High-profile scandals and small-scale backhanders have long blighted the industry to the extent that graft at every level was not only tolerated but anticipated.

“Once the developer gets the land, a feeding frenzy starts, often with court cases to stop the project,” says best-selling author and economist Monika Halan explaining how graft has worked in the past. “The builder then has to pay off the noisemakers or wait for the glacial judiciary until he runs out of money. The next round of feeding happens with those who hold the stamps of approval for the many clearances a project requires.

“The builder and politician, or families of politicians, gouge enough out of the project so that builders won’t make any money unless they price it a certain rate.”

Indeed, a slew of prominent cases in recent years has revealed just how deep the rot allegedly runs within India’s upper echelons. Such scandals tend to fall into two categories: default on large sums of money borrowed from banks and deviations or favouritism in awarding land or licences. In 2011 and again in 2013, Robert Vadra, the husband of Indian National Congress scion Priyanka Gandhi, became embroiled in accusations—which remain under investigation—of the latter, with claims he traded influence with then-Congress-ruled states for favourable loans and land deals from DLF, one of the country’s largest commercial real estate developers.

The recent scandal involving top officials at Punjab and Maharashtra Co-operative Bank and construction firm Housing Development and Infrastructure Ltd (HDIL) also exposed the shady relationship between India’s finance and real estate sectors. In 2019, the bank’s former managing director Joy Thomas admitted to hoodwinking the auditors, bank’s board, and Reserve Bank of India for years by concealing the default on loans to the tune of INR6,500 crore ($885.3 million) taken by HDIL due to “fear of reputational loss”.

Industry experts, however, note that visibility within the sector is finally improving, thanks to a raft of recent government reforms.

RERA has been a gamechanger for the industry, particularly for the consumer. It has given a voice to the consumer on the previously one-sided and high-handed approach of the developers who, for the first time, have been made accountable

“India has seen a steady improvement in the Global Transparency Index over the years,” says Ramesh Nair, CEO and country head of JLL India. “In fact, along with Indonesia, Philippines and Vietnam, we are among the handful of countries that have seen the highest improvement owing to positive governmental support and an enhanced ecosystem of transparency.”

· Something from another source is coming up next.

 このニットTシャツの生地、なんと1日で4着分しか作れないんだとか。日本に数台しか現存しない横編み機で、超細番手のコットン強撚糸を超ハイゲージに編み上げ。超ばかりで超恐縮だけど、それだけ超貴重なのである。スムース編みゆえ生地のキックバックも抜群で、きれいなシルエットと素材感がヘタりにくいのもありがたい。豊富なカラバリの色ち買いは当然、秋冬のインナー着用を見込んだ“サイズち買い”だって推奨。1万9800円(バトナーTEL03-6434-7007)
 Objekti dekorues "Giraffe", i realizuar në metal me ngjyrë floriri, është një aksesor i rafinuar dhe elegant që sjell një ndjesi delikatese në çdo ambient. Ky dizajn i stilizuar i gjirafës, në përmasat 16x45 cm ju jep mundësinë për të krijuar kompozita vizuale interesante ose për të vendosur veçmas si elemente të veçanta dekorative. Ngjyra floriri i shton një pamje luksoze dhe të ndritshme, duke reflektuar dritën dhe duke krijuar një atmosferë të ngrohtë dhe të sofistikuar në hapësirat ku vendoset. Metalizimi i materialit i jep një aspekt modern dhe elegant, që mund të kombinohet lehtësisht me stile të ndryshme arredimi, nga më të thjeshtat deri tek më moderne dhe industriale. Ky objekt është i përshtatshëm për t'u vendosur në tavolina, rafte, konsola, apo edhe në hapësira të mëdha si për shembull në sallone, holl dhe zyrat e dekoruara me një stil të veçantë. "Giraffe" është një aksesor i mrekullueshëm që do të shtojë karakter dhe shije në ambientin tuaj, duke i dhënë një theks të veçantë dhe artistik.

Government support has come in the form of a series of sweeping regulations implemented by Narendra Modi’s administration in recent years. The Real Estate Regulation and Development Act (RERA), passed in 2016, has done much to advance transparency and rationalise the chaotic sector. The main agenda of the act is to protect the interest of the homebuyers by bringing in transparency and accountability between the developer and the end user via a standard, uniform regulatory approach across the nation.

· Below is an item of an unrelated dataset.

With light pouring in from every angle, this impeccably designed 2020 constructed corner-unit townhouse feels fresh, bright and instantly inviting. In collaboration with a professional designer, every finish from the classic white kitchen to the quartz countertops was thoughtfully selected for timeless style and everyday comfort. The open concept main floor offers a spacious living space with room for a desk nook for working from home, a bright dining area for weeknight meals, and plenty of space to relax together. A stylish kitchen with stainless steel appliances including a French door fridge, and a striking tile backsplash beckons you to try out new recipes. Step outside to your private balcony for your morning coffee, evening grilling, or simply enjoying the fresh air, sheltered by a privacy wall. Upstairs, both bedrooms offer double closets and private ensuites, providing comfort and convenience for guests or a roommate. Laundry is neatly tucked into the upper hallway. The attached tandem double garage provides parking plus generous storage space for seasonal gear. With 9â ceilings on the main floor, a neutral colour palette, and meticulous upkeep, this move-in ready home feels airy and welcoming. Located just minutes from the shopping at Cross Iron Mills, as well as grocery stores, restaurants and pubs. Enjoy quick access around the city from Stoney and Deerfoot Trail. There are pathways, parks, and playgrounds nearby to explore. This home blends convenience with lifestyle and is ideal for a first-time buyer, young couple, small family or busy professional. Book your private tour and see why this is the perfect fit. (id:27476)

“RERA has been a game-changer for the industry, particularly for the consumer,” explains Amit Khanna, managing director of property consultancy Phoenix Advisers and jury chairperson of PropertyGuru Asia Property Awards (India). “It has given a voice to the consumer on the previously one-sided and high-handed approach of the developers who, for the first time, have been made accountable.”

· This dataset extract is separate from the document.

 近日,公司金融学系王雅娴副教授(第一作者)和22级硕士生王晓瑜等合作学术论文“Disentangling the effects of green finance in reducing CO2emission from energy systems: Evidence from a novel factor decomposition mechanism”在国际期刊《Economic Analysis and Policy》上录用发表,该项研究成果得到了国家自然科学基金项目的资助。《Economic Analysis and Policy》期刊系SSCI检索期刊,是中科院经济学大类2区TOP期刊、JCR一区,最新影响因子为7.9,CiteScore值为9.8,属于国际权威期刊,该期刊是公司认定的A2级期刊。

He adds that developers can, for instance, no longer take the funds raised from customers of one project to buy land for another, previously a common tactic. They can also be fined for failing to meet delivery timelines and are unable to make sou moto changes to a project without majority consent from investors.

Legislation introduced by Narendra Modi’s government, including the real estate regulation and development act (RERA), have helped increase transparency in the housing sector

Another key contributor towards improved transparency was the 2019 introduction of the country’s first real estate investment trust (REIT) framework. Regulated by the Securities and Exchange Board of India and structured on the lines of mutual funds, REITs carry a further layer of governance over and above those of the real estate sector. They also provide an avenue for liquidity and fractional ownership of institutional-grade portfolios, which is already attracting greater interest from institutional investors.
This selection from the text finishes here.